The prospect of `reverse quarantines’ does exist, particularly in some smaller, remote communities. Simply put, there may be attempts to seal off areas to prevent anyone who might be infected from entering. Gunnison, Colorado successfully implemented this strategy in 1918 during the Spanish Influenza, according to this entry in the Wikpedia.

 

Gunnison isolated themselves from the surrounding area during the Spanish Influenza epidemic for two months at the end of 1918. All highways were barricaded near the county lines. Train conductors warned all passengers that if they stepped outside of the train in Gunnison, they would be arrested and quarantined for five days. As a result of the isolation, no one died of influenza in Gunnison during the epidemic.

 

Whether this sort of strategy would work today, in a vastly more interconnected and mobile society than we saw in 1918, is hard to know.
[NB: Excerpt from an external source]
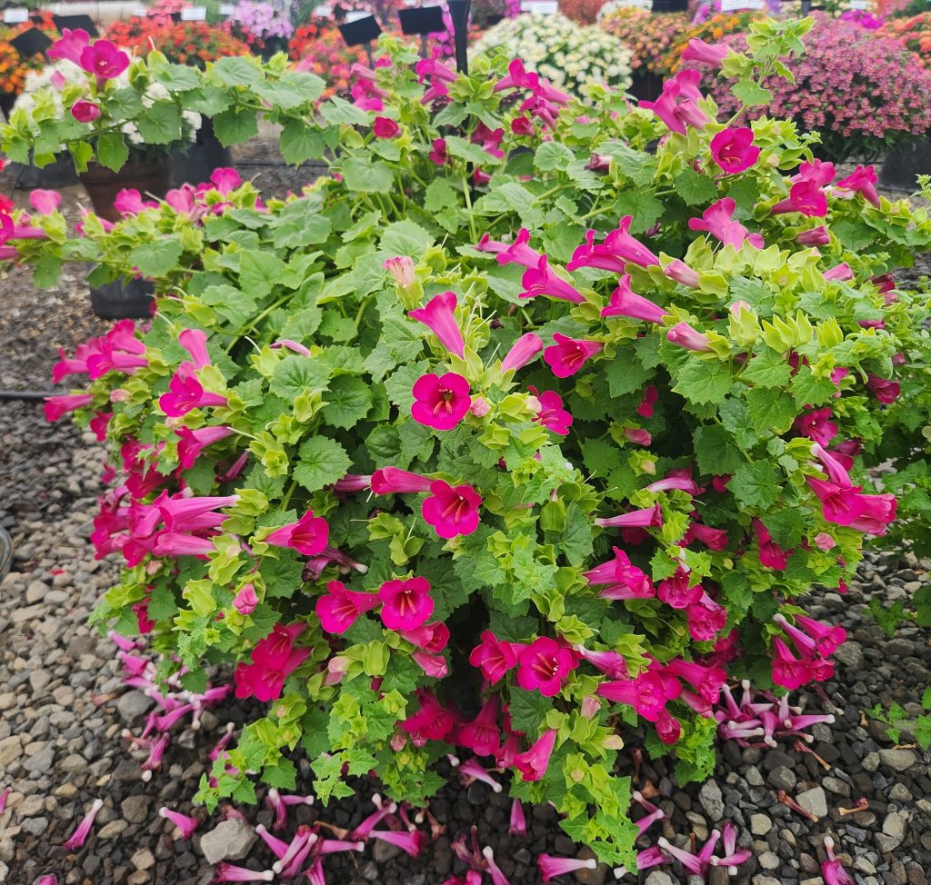 Discover the versatility of Lofos Compact in Rose and White! These compact varieties grow to approximately two feet long, boasting an abundance of smaller flowers concentrated on the plant's surface. Ideal for creating stunning cascades in hanging baskets or acting as dynamic spillers in mixed container plantings, they also adapt beautifully to trellising, even in a simple tomato cage. Enjoy their vigorous growth and self-cleaning nature, eliminating the need for deadheading.CARE GUIDE

New Zealand at least plans on trying to stop the virus from entering their country. I’m sure other areas will try as well.

 

Once the virus escapes from Pandora’s box there will be no putting it back. Attempts at quarantine beyond the point of origin are likely to do little but enrage the population and stretch governmental resources to the breaking point. But, will someone try it?

 

Will the military, somewhere in the world, cordon off a city or a neighborhood or seal their borders, in a futile attempt to contain the virus?

 

I wouldn’t bet against it.

 

Particularly very early in a pandemic. There will be desperation attempts to do something, I’m sure, to slow the virus. They won’t work, of course, and in most cases I expect they will be dropped after a few days.

 

 There will be huge public resistance to draconian measures, and of course, authorities will have the dilemma of exactly how to enforce a quarantine. 

 

One has to hope that local officials, the military and even federal governments will rely on the advice of public health officials when it comes to enacting quarantine policy. That basically quarantine with a big `Q’ doesn’t work.

 

I’ve no problem with encouraging members of a household with someone who is infected to stay home until they can be cleared of possible infection, particularly if they hold non-essential jobs. It’s unenforceable, of course, but those that choose to cooperate might have some impact on the spread of the disease.

 

 

But let’s face it, using that standard, every doctor, nurse, or technician would have to quarantine themselves for two weeks after every patient they treated. It isn’t going to be practical to try to quarantine everyone who is exposed to the virus.

 

The reality is, once a pandemic strain of the flu makes it into the wild and begins to spread, there is little that can be done to stop or contain it. Attempts to do so are likely to be more disruptive than letting the virus run its course. I know many people are counting on somehow avoiding exposure until a vaccine can be developed, but with a vaccine at least 6 months, and probably closer to a year out from the start of a pandemic, avoiding exposure seems to me to be a long shot.

 

Of course, exposure doesn’t necessary equate to infection or illness.

 

While we won’t know the attack rate of the next pandemic until after it is over, previous pandemics have often only affected 25%-35% of the population, even when nearly everyone had presumably been exposed.

 

Like it or not, we all may end up exposed, and those of us who are susceptible to the disease will fall ill, while the rest of us will not. We will develop herd immunity, just as we did in 1918-1919, through exposure, and hopefully, at some point, through the availability of a vaccine. The virus will then lose its pandemic capability, and will likely become a seasonal flu, much as the H1 and H3 flu’s are today.

 

We will then be safe from a pandemic.